John Steenhuisen, leader of the DA, said this during the launch of the DA’s manifest in Thaba Nchu on Friday and put forward that a new government to rescue the Free State was within reach as the ANC support crashed to 50%.

“The election on 29 May will be a real crossroads election,” he said to BloemNews at the event.

“If people in the Free State wait another five years before they vote out the ANC, there will be nothing left.”

He said the Mangaung Metro was one of the worst-run metros in the country.

“There is no reason for Mangaung to be so bad off. It is a wonderful place with wonderful people. The only problem is that the government in the metro does not care about its people.”

Steenhuisen asked: If a metro with all its resources can not provide a good life to its residents, how are those in the rural areas supposed to survive?

He said the Free State, with a relatively small population of just under three million people, had all the resources it needed to provide a dignified life for all of its residents.

“The Free State lacks the most important ingredient of all – a government that works for the people.

“After all, in a region blessed with such enormous agricultural, mining and manufacturing potential, it takes a truly catastrophic government to still run it into the ground. But that is exactly what a succession of ANC governments have done,” he said.

He compared the unemployment rate of 44 out of 100 people who can not find a job, and 7 out of 10 young people who are unemployed to the situation in the Western Cape – where 300 000 new jobs were created in the last five years.

“Out of a population of just under three million, there are only 231 000 registered taxpayers left.

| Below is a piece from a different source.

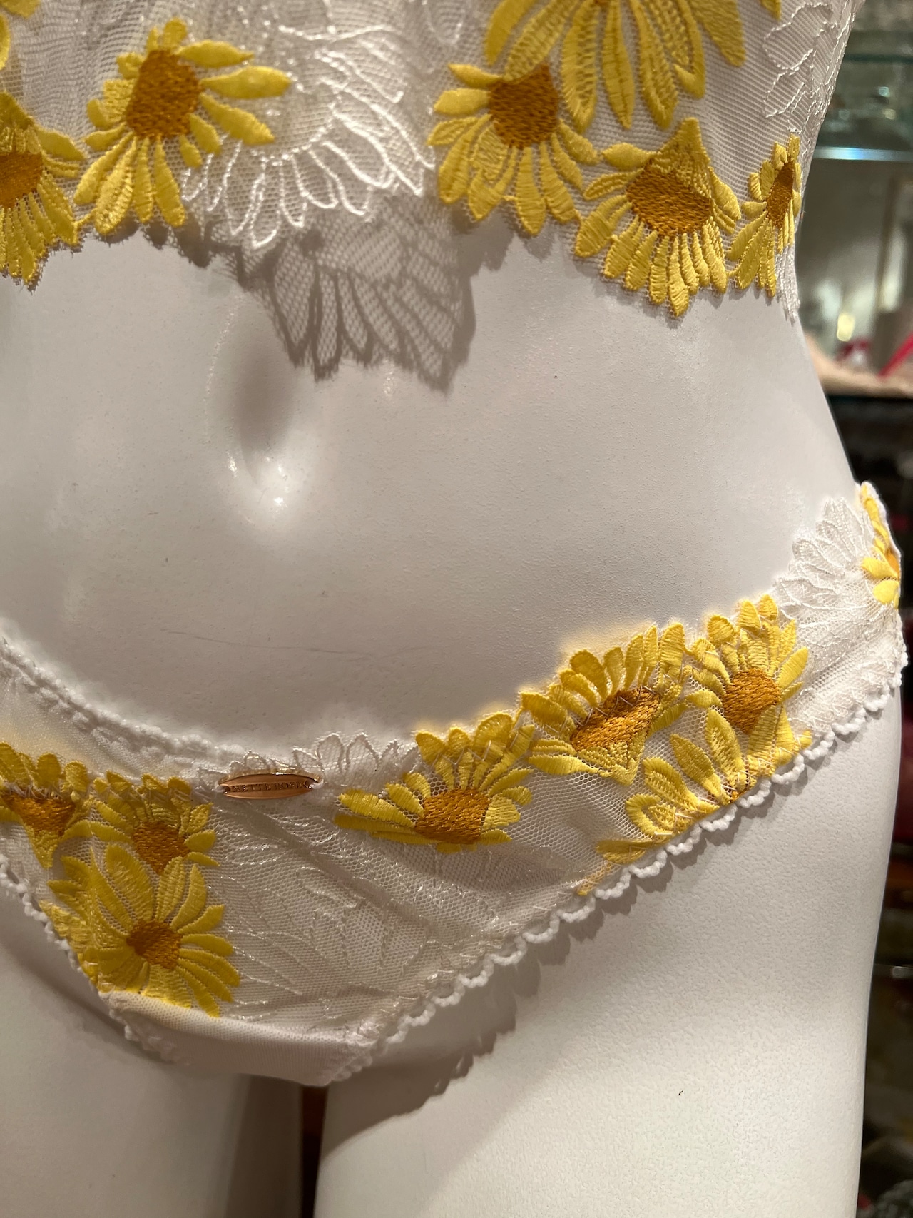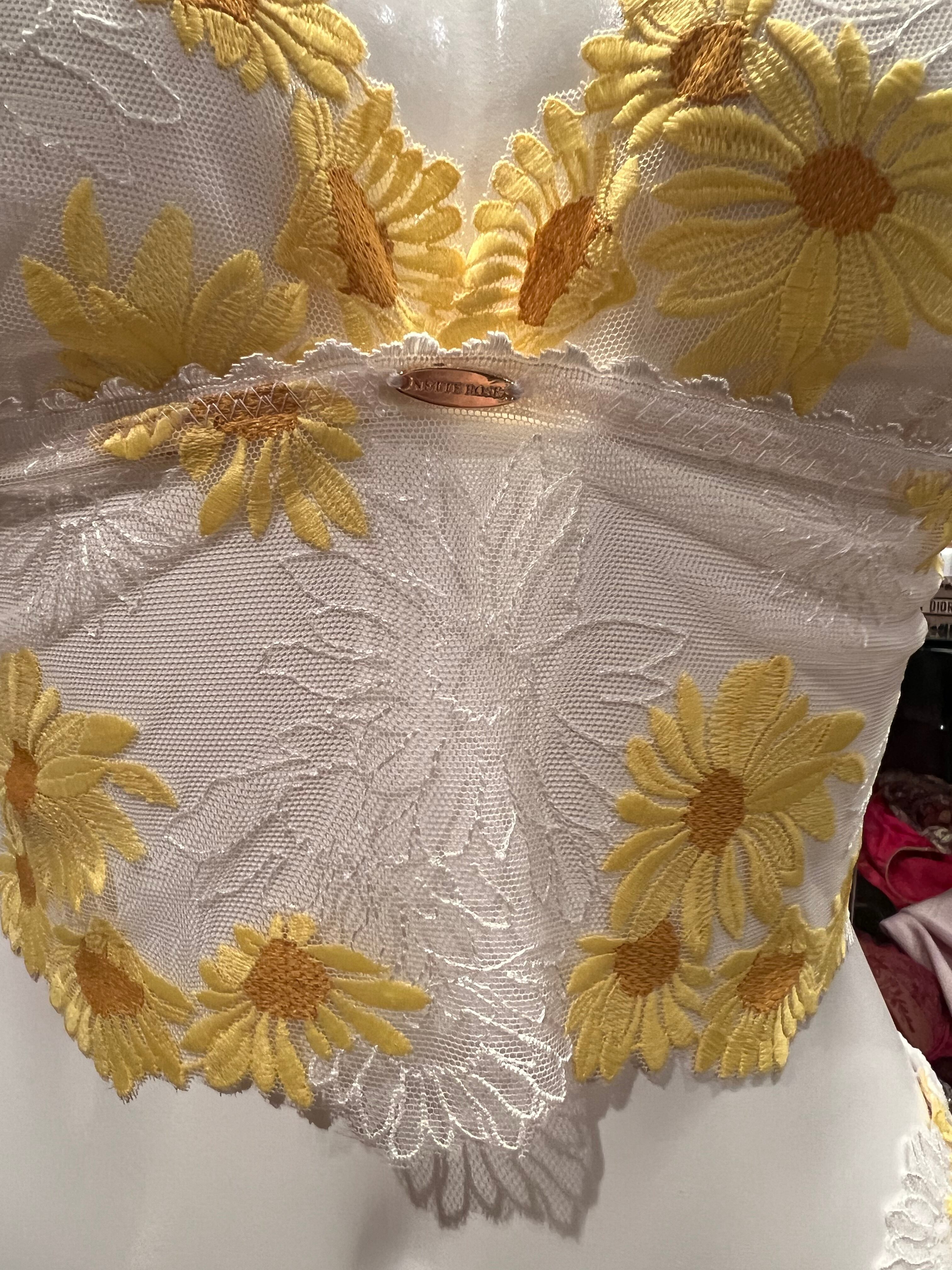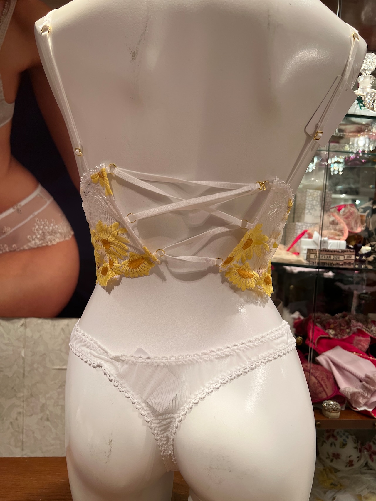 とても丁寧な刺繍ですが繊細で重たくならず柔らかい肌触りです。パテッド無しワイヤー無しのブラレットタイプです。 バックスタイルのクロスがおしゃれでアンダーの調節も出来るようになっています。ご自分のぴったりな感じにできます。ボトムはキュートにタンガと合わせてみました。

Over 92% of the Free State’s residents are too poor to even be registered with SARS.”

Steenhuisen said the unemployment and cost-of-living crisis in the Free State, which has made it impossible for many families to even put food on the table in this fertile province, is the direct result of decades of ANC corruption and misrule.

He urged residents to take part in the coming national and provincial election to take action against the ruling government.

“Your vote is your weapon against all that is wrong in the province. Use your vote. This election is like a referendum that will show where the province is going in the next local municipal elections.”

Steenhuisen said it was important that residents realise that all politics is local.

“Changes on national and provincial level can have a direct influence in local municipalities if strong leaders are chosen to guide and lead them.”

He said over the past week, the latest independent poll from the Social Research Foundation confirmed that the ANC had crashed to only 37% support nationally.

In the same poll, the DA was at 25% and growing, with the Multi-Party Charter on its way to becoming the biggest organised political bloc in the country.

Roy Jankielsohn, the DA Free State premier candidate, said at the event in Thaba Nchu that the election on 29 of May would be the biggest landmark in South African political history since the first inclusive democratic election in 1994.

“This time, we are voting to rescue our province and country from the grip of economic decline, crime and corruption.”